Posted by Rob at 12:11 AM | Comments (0)

March 14, 2006

watch out

changes are afoot.

six hours of hammering later, here's where we're at. through lots of trial and error and reverse engineering some other sites (a.k.a. "plagiarizing source code"), i've learned enough html to get this thing looking a little better. i feel like i've accomplished something, and therefore feel better.

there's still stuff to do. i need a proper masthead, which will no doubt task my meager artistic abilities. and there will be other stuff, too. stand by for all that. (if anyone knows how to make little subcategories in movable type, please email me).

most importantly, the tenor of the writing is going to change a bit, back to the stuff where i'm at my best. my favorite supporters/critics have reminded me about that.

maybe i'll just open a second blog that will be morosity.com. kidding.

like i said, stand by.

Posted by Rob at 12:11 AM | Comments (3)

March 13, 2006

doocing the blog

so, i'm here at halcyon, watching a truth i have long realized in the virtual world play itself out in the physical world.

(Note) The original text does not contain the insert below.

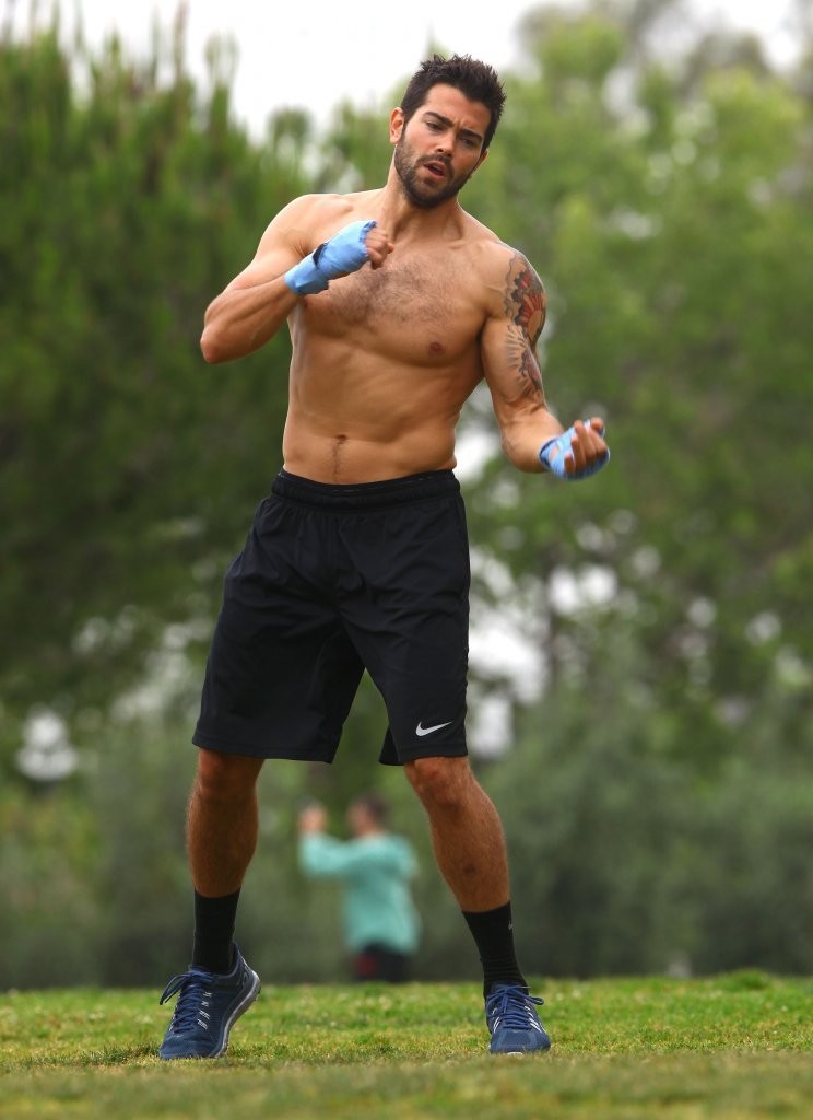 , s'est entrainé hier avec son coach dans un parc d'Hollywood. Short et pompes Nike comme tenue.

for the last hour, there's been a long receiving line reaching out the door, of people waiting to meet heather armstrong. she's a cultural phenomenon born on the internet, a cyberspace hero to who knows how many people.

she was a web designer out in L.A. a few years ago, who also maintained her own blog, dooce.com. she would write about her life, which, of course, naturally included her job and the people in it. not surprisingly, it wasn't all positive, and not surprisingly, she got fired. this gave rise to the term "dooced," as in, "Doug said some ill shit about his supervisor on his blog, and they dooced his ass."

dooce.com is the phenomenon i had hoped whowantspudding would be. and heather armstrong is the mass-exposed author that i had hoped i would become through this site. she's got a book deal. right now, she's taking pictures with someone's baby, like she's a young, attractive, female pope. which is something i think the catholic church should strongly consider.

she announced a week ago that because there were a lot of people who wouldn't be able to get into her SXSW appearance, that she and her husband were going to be hanging out at a little coffeeshop called Halcyon around noon, if anyone wanted to come by.

Halcyon is, of course, the place where i've been secondarily employed for almost a year now. it's right across the street from the "other job." and of course, a few weeks ago, my boss read about my intent to resign from my job as part of quitting the law altogether, and he accepted that resignation via email the next day. sort of convenient, really.

so her appearance here seemed pretty exciting and serendipidous at first. now, it seems sort of like the web gods are rubbing my nose in it.

the complete failure of my megalomaniacal scheme is pretty obvious if you visit her site. first of all, it's visually appealing and professional-looking. changing from my blog software's default grey and powder-blue scheme to more ridiculous colors was a major technological victory for me.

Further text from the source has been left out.